Problem description:
Could you output all of the records below exactly as they appear?

━━ Provided material ━━

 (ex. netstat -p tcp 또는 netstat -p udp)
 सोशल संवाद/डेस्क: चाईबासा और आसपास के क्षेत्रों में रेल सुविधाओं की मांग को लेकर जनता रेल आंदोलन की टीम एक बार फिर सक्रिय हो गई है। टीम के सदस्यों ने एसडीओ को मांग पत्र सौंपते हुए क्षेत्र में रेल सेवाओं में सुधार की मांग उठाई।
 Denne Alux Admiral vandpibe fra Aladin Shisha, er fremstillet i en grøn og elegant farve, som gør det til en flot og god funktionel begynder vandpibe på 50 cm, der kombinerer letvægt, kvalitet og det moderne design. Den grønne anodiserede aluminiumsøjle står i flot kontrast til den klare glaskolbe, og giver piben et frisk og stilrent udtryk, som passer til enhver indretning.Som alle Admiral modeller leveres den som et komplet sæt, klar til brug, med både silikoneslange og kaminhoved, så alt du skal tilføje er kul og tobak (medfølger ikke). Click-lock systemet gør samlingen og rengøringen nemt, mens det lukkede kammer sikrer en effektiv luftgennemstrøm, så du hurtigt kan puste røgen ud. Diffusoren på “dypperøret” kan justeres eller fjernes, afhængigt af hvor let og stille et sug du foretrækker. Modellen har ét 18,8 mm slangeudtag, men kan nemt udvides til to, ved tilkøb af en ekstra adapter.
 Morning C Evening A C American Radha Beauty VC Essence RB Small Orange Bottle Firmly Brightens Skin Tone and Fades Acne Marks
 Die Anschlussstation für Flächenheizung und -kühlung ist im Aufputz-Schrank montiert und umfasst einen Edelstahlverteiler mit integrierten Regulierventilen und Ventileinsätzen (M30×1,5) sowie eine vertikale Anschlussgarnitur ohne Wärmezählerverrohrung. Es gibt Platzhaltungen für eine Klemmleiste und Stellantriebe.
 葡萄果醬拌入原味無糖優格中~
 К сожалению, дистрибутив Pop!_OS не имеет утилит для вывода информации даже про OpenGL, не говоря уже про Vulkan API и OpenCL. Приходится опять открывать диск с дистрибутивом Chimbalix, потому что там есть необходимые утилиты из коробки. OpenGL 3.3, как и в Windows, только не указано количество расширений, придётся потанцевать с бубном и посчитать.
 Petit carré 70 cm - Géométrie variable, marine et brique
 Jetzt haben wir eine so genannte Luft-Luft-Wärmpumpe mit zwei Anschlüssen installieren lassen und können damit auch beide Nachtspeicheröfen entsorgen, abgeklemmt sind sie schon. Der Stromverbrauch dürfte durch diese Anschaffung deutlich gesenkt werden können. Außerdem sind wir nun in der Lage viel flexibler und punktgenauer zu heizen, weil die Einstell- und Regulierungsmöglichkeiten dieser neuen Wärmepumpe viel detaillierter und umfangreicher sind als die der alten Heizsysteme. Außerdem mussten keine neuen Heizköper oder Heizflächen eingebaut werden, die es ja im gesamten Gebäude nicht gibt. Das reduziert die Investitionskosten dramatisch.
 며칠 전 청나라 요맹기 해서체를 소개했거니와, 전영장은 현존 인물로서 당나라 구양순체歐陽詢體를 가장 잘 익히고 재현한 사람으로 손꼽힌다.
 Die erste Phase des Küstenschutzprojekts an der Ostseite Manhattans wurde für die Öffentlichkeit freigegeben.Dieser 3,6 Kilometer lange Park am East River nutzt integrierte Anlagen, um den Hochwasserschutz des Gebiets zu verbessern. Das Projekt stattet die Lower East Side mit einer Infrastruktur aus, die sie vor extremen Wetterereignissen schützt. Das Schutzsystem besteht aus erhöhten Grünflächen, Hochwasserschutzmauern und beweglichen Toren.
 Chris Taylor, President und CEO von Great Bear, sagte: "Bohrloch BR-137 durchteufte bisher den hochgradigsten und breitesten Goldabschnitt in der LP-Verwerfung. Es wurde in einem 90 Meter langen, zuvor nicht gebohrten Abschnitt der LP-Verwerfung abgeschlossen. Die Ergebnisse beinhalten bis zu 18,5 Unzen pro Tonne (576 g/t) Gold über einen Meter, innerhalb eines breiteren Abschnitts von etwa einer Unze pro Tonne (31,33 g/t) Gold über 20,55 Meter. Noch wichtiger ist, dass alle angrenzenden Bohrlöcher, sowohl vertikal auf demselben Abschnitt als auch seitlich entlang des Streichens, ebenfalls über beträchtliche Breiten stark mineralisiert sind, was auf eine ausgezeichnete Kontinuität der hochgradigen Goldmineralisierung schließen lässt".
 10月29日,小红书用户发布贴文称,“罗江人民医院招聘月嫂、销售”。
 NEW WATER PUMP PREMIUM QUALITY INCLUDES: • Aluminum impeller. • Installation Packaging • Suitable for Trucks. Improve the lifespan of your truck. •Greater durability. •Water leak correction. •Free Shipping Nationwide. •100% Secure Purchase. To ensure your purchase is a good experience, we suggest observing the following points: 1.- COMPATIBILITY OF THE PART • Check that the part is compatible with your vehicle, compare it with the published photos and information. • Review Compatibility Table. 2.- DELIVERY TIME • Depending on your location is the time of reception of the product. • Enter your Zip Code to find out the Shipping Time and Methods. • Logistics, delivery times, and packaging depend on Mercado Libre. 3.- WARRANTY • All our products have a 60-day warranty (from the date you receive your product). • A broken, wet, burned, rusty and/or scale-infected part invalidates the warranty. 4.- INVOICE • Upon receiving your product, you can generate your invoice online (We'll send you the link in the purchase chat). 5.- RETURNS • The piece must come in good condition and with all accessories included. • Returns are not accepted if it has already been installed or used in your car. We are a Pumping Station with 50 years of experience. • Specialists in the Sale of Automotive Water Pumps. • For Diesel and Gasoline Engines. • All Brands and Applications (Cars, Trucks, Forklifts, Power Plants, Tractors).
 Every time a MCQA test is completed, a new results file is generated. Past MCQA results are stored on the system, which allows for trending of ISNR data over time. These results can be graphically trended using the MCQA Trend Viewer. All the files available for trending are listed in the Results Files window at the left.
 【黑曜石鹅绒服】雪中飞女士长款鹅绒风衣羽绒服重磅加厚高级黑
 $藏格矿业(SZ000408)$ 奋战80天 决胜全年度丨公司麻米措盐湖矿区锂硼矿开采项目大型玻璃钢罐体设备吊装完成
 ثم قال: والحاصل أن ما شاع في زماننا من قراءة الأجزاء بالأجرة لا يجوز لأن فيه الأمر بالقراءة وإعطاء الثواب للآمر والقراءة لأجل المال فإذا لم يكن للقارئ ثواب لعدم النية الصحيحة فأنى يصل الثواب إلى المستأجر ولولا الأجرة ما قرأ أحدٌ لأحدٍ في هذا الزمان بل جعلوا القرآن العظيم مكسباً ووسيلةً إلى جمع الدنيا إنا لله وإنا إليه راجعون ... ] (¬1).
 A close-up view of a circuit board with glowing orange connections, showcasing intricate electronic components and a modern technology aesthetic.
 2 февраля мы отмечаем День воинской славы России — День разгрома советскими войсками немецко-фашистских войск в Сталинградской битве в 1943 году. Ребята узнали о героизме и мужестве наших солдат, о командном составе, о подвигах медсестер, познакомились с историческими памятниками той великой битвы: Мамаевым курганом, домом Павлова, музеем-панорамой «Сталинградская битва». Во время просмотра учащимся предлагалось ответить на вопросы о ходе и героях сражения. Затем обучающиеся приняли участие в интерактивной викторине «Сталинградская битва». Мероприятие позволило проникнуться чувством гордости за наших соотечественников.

━━━

Completed exercise:
 (ex. netstat -p tcp 또는 netstat -p udp)
 सोशल संवाद/डेस्क: चाईबासा और आसपास के क्षेत्रों में रेल सुविधाओं की मांग को लेकर जनता रेल आंदोलन की टीम एक बार फिर सक्रिय हो गई है। टीम के सदस्यों ने एसडीओ को मांग पत्र सौंपते हुए क्षेत्र में रेल सेवाओं में सुधार की मांग उठाई।
 Denne Alux Admiral vandpibe fra Aladin Shisha, er fremstillet i en grøn og elegant farve, som gør det til en flot og god funktionel begynder vandpibe på 50 cm, der kombinerer letvægt, kvalitet og det moderne design. Den grønne anodiserede aluminiumsøjle står i flot kontrast til den klare glaskolbe, og giver piben et frisk og stilrent udtryk, som passer til enhver indretning.Som alle Admiral modeller leveres den som et komplet sæt, klar til brug, med både silikoneslange og kaminhoved, så alt du skal tilføje er kul og tobak (medfølger ikke). Click-lock systemet gør samlingen og rengøringen nemt, mens det lukkede kammer sikrer en effektiv luftgennemstrøm, så du hurtigt kan puste røgen ud. Diffusoren på “dypperøret” kan justeres eller fjernes, afhængigt af hvor let og stille et sug du foretrækker. Modellen har ét 18,8 mm slangeudtag, men kan nemt udvides til to, ved tilkøb af en ekstra adapter.
 Morning C Evening A C American Radha Beauty VC Essence RB Small Orange Bottle Firmly Brightens Skin Tone and Fades Acne Marks
 Die Anschlussstation für Flächenheizung und -kühlung ist im Aufputz-Schrank montiert und umfasst einen Edelstahlverteiler mit integrierten Regulierventilen und Ventileinsätzen (M30×1,5) sowie eine vertikale Anschlussgarnitur ohne Wärmezählerverrohrung. Es gibt Platzhaltungen für eine Klemmleiste und Stellantriebe.
 葡萄果醬拌入原味無糖優格中~
 К сожалению, дистрибутив Pop!_OS не имеет утилит для вывода информации даже про OpenGL, не говоря уже про Vulkan API и OpenCL. Приходится опять открывать диск с дистрибутивом Chimbalix, потому что там есть необходимые утилиты из коробки. OpenGL 3.3, как и в Windows, только не указано количество расширений, придётся потанцевать с бубном и посчитать.
 Petit carré 70 cm - Géométrie variable, marine et brique
 Jetzt haben wir eine so genannte Luft-Luft-Wärmpumpe mit zwei Anschlüssen installieren lassen und können damit auch beide Nachtspeicheröfen entsorgen, abgeklemmt sind sie schon. Der Stromverbrauch dürfte durch diese Anschaffung deutlich gesenkt werden können. Außerdem sind wir nun in der Lage viel flexibler und punktgenauer zu heizen, weil die Einstell- und Regulierungsmöglichkeiten dieser neuen Wärmepumpe viel detaillierter und umfangreicher sind als die der alten Heizsysteme. Außerdem mussten keine neuen Heizköper oder Heizflächen eingebaut werden, die es ja im gesamten Gebäude nicht gibt. Das reduziert die Investitionskosten dramatisch.
 며칠 전 청나라 요맹기 해서체를 소개했거니와, 전영장은 현존 인물로서 당나라 구양순체歐陽詢體를 가장 잘 익히고 재현한 사람으로 손꼽힌다.
 Die erste Phase des Küstenschutzprojekts an der Ostseite Manhattans wurde für die Öffentlichkeit freigegeben.Dieser 3,6 Kilometer lange Park am East River nutzt integrierte Anlagen, um den Hochwasserschutz des Gebiets zu verbessern. Das Projekt stattet die Lower East Side mit einer Infrastruktur aus, die sie vor extremen Wetterereignissen schützt. Das Schutzsystem besteht aus erhöhten Grünflächen, Hochwasserschutzmauern und beweglichen Toren.
 Chris Taylor, President und CEO von Great Bear, sagte: "Bohrloch BR-137 durchteufte bisher den hochgradigsten und breitesten Goldabschnitt in der LP-Verwerfung. Es wurde in einem 90 Meter langen, zuvor nicht gebohrten Abschnitt der LP-Verwerfung abgeschlossen. Die Ergebnisse beinhalten bis zu 18,5 Unzen pro Tonne (576 g/t) Gold über einen Meter, innerhalb eines breiteren Abschnitts von etwa einer Unze pro Tonne (31,33 g/t) Gold über 20,55 Meter. Noch wichtiger ist, dass alle angrenzenden Bohrlöcher, sowohl vertikal auf demselben Abschnitt als auch seitlich entlang des Streichens, ebenfalls über beträchtliche Breiten stark mineralisiert sind, was auf eine ausgezeichnete Kontinuität der hochgradigen Goldmineralisierung schließen lässt".
 10月29日,小红书用户发布贴文称,“罗江人民医院招聘月嫂、销售”。
 NEW WATER PUMP PREMIUM QUALITY INCLUDES: • Aluminum impeller. • Installation Packaging • Suitable for Trucks. Improve the lifespan of your truck. •Greater durability. •Water leak correction. •Free Shipping Nationwide. •100% Secure Purchase. To ensure your purchase is a good experience, we suggest observing the following points: 1.- COMPATIBILITY OF THE PART • Check that the part is compatible with your vehicle, compare it with the published photos and information. • Review Compatibility Table. 2.- DELIVERY TIME • Depending on your location is the time of reception of the product. • Enter your Zip Code to find out the Shipping Time and Methods. • Logistics, delivery times, and packaging depend on Mercado Libre. 3.- WARRANTY • All our products have a 60-day warranty (from the date you receive your product). • A broken, wet, burned, rusty and/or scale-infected part invalidates the warranty. 4.- INVOICE • Upon receiving your product, you can generate your invoice online (We'll send you the link in the purchase chat). 5.- RETURNS • The piece must come in good condition and with all accessories included. • Returns are not accepted if it has already been installed or used in your car. We are a Pumping Station with 50 years of experience. • Specialists in the Sale of Automotive Water Pumps. • For Diesel and Gasoline Engines. • All Brands and Applications (Cars, Trucks, Forklifts, Power Plants, Tractors).
 Every time a MCQA test is completed, a new results file is generated. Past MCQA results are stored on the system, which allows for trending of ISNR data over time. These results can be graphically trended using the MCQA Trend Viewer. All the files available for trending are listed in the Results Files window at the left.
 【黑曜石鹅绒服】雪中飞女士长款鹅绒风衣羽绒服重磅加厚高级黑
 $藏格矿业(SZ000408)$ 奋战80天 决胜全年度丨公司麻米措盐湖矿区锂硼矿开采项目大型玻璃钢罐体设备吊装完成
 ثم قال: والحاصل أن ما شاع في زماننا من قراءة الأجزاء بالأجرة لا يجوز لأن فيه الأمر بالقراءة وإعطاء الثواب للآمر والقراءة لأجل المال فإذا لم يكن للقارئ ثواب لعدم النية الصحيحة فأنى يصل الثواب إلى المستأجر ولولا الأجرة ما قرأ أحدٌ لأحدٍ في هذا الزمان بل جعلوا القرآن العظيم مكسباً ووسيلةً إلى جمع الدنيا إنا لله وإنا إليه راجعون ... ] (¬1).
 A close-up view of a circuit board with glowing orange connections, showcasing intricate electronic components and a modern technology aesthetic.
 2 февраля мы отмечаем День воинской славы России — День разгрома советскими войсками немецко-фашистских войск в Сталинградской битве в 1943 году. Ребята узнали о героизме и мужестве наших солдат, о командном составе, о подвигах медсестер, познакомились с историческими памятниками той великой битвы: Мамаевым курганом, домом Павлова, музеем-панорамой «Сталинградская битва». Во время просмотра учащимся предлагалось ответить на вопросы о ходе и героях сражения. Затем обучающиеся приняли участие в интерактивной викторине «Сталинградская битва». Мероприятие позволило проникнуться чувством гордости за наших соотечественников.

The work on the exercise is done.